US20040207591A1

US20040207591A1 - Method and circuit for driving liquid crystal display

Info

Publication number: US20040207591A1
Application number: US10/419,630
Authority: US
Inventors: Ching-Tung Wang
Original assignee: Toppoly Optoelectronics Corp
Current assignee: Innolux Corp
Priority date: 2003-04-21
Filing date: 2003-04-21
Publication date: 2004-10-21

Abstract

A driving method of an LCD panel having a driving IC and a plurality of display groups comprising a plurality of display cells and are respectively coupled to a data electrode and a gate electrode. The driving IC simultaneously drives one display cell in each display group on the same row. First, video signals are provided by the driving IC to one display cell in each display group on the same row. Here, the display cells of adjacent display groups receive opposite polarity video signals. Finally, the scan signals are provided to the gate electrodes.

Description

BACKGROUND OF THE INVENTION

1. Field of the Invention

The present invention relates in general to a method and a circuit for driving a liquid crystal display (LCD). In particular, the present invention relates to a method for driving an LCD having display cells driven by a driving IC to eliminate crosstalk and improve image quality.

2. Description of the Related Art

FIG. 1 is a schematic diagram of a conventional liquid crystal display panel (hereinafter, referred to as an “LCD panel”) and the peripheral driving circuits thereof. As shown in the figure, an

LCD panel

1 is formed by interlacing data electrodes (represented by D1, D2, D3, . . . , Dm) and gate electrodes (represented by G1, G2, G3, . . . , Gm), each of the interlaced data electrodes and gate electrodes control a display cell. As an example, interlacing data electrode D1 and gate electrode G1 control the display cell 200. The equivalent circuit of each display cell comprises thin film transistors (TFTs) (Q11-Q1 m, Q21-Q2 m, . . . , Qn1-Qnm) and storage capacitors (C11-C1 m, C21-C2 m, . . . , Cn1-Cnm). The gates and drains of these TFTs are respectively connected to gate electrodes (G1-Gn) and data electrodes (D1-Dm). Such a connection can turn on/off all TFTs on the same line (i.e. positioned on the same scan line) using a scan signal of gate electrodes (G1-Gn), thereby controlling the video signals of the data electrodes to be written into the corresponding display cell. It is noted that a display cell only controls the brightness of a single pixel on the LCD panel.

Accordingly, each display cell responds to a single pixel on a monochromatic LCD while each display cell responds to a single subpixel on a color LCD. The subpixel can be red (represented by “R”), blue (represented by “B”), or green (represented by “G”). In other words, a single pixel is formed by an RGB (three display cells) combination.

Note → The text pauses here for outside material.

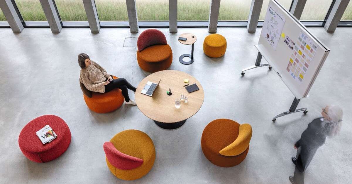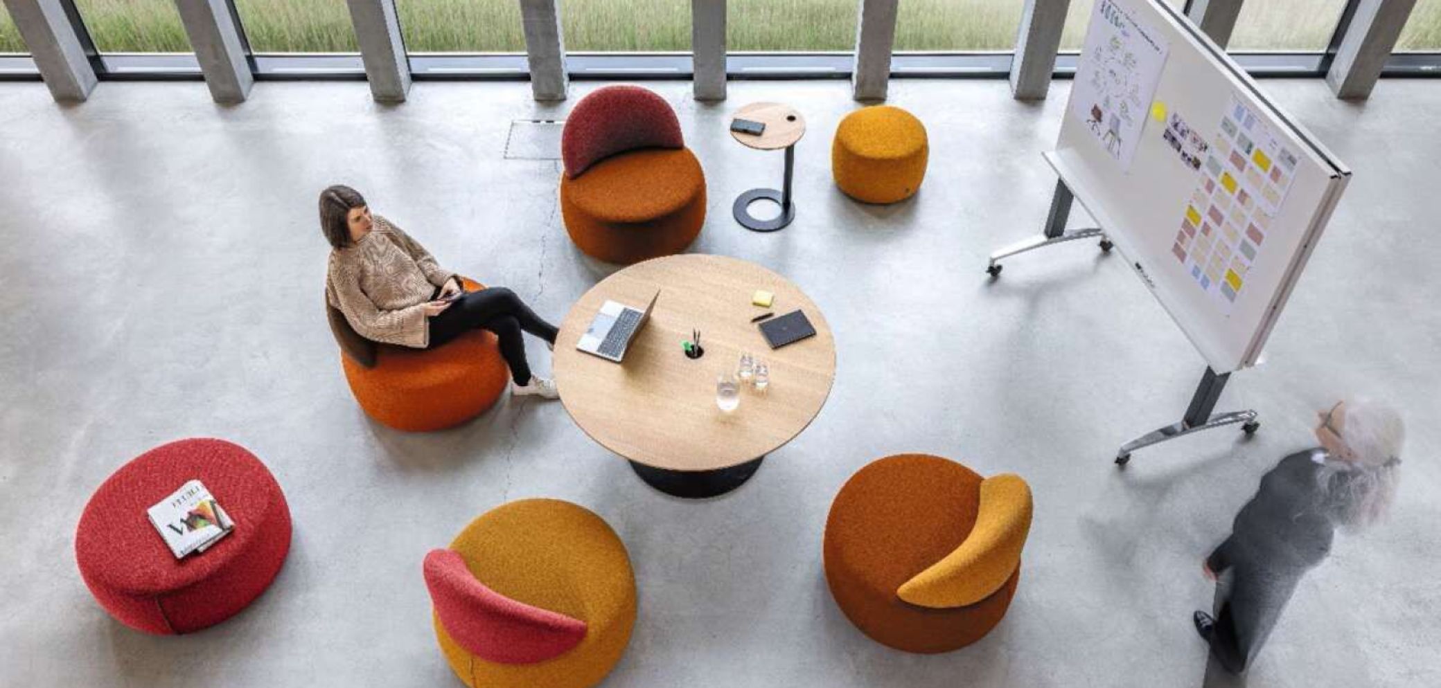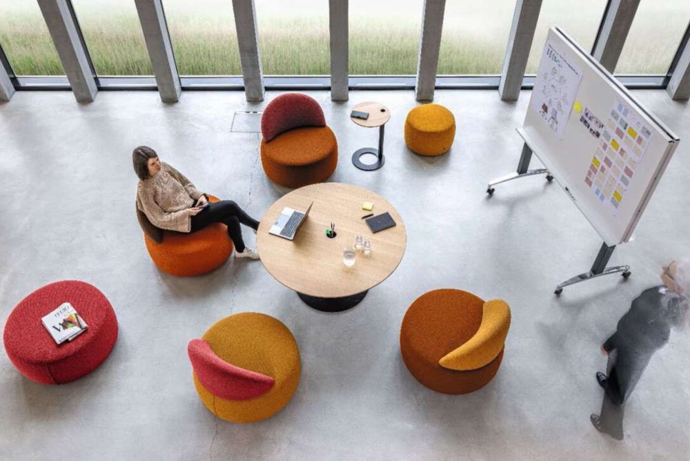 «Incycle» ist ein neues Soft-Seating-Programm von Girsberger. Es ist konsequent an die Anforderungen der Kreislaufwirtschaft ausgerichtet und besteht zu 90 bis 95 % aus gebrauchten und recycelten Materialien. Das Design stammt von Mathias Seiler. Grundmodul des Programms ist ein rundes Pouf-Element – wahlweise mit oder ohne Rückenlehne. Ergänzend gibt es kleine Poufs oder solche mit eingelassenen Tischplatten. Dank Rollen an der Unterseite lässt sich «Incycle» schnell und individuell neu gruppieren und eignet sich ideal für informelle Teamarbeit, Kollaboration, dynamische und kommunikative Mittelzonen und Aufenthaltsbereiche.

In addition, FIG. 1 also shows a part of the driving circuit of the

LCD panel

1. The gate driver 10 outputs one or more scan signals (also referred to as scan pulses) of each of the gate electrodes G1, G2, . . . , Gn according to a predetermined sequence. When a scan signal is carried on one gate electrode, the TFTs within all display cells on the same row or scan line are turned on while the TFTs within all display cells on other rows or scan lines may be turned off. When a scan line is selected, data driver 20 outputs a video signal (gray value) to the m display cells of the respective rows through data electrodes D1, D2, . . . , Dm according to the image data to be displayed. After gate driver 10 scans n rows continuously, the display of a single frame is completed. Thus, repeated scans of each scan line can achieve the purpose of continuously displaying an image. As shown in FIG. 1, signal CPV indicates the clock of the gate driver 10, signal CTR indicates the scan control signal received by the gate driver 10, signal LD indicates a data latch signal of the data driver 20, and signal DATA indicates the image signal received by the data driver 20.

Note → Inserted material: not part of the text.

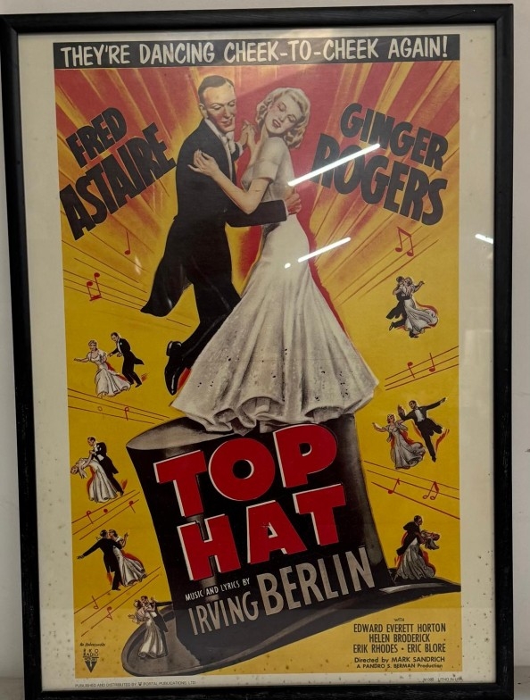 A vintage framed film poster for Top Hat starring Fred Astaire 54cm x 74cm

Typically, a video signal, which is transferred by the data electrodes D 1, D2, . . . , Dm, is divided into a positive video signal and a negative video signal based on the relationship with the common electrode voltage VCOM. The positive video signal indicates a signal having a voltage level higher than the voltage VCOM, and based on the gray value represented, the actual produced potential of the signal ranges between voltages Vp1 and Vp2. In general, a gray value is lower if it is closer to the common electrode voltage VCOM. On the other hand, the negative video signal indicates that the signal has a voltage level lower than the voltage VCOM, and based on the gray value represented, the actual produced potential of the signal ranges between voltages Vn1 and Vn2. Also, the gray value is lower if it is closer to the common electrode voltage VCOM. When a gray value is represented, whether in a positive or negative video signal, the display effect is substantially the same.

In order to prevent the liquid crystal molecule from continuously receiving a single-polar bias voltage, thus reducing the life span of liquid crystal molecules, a display cell alternately receives positive and negative polar video signals corresponding to odd and even frames.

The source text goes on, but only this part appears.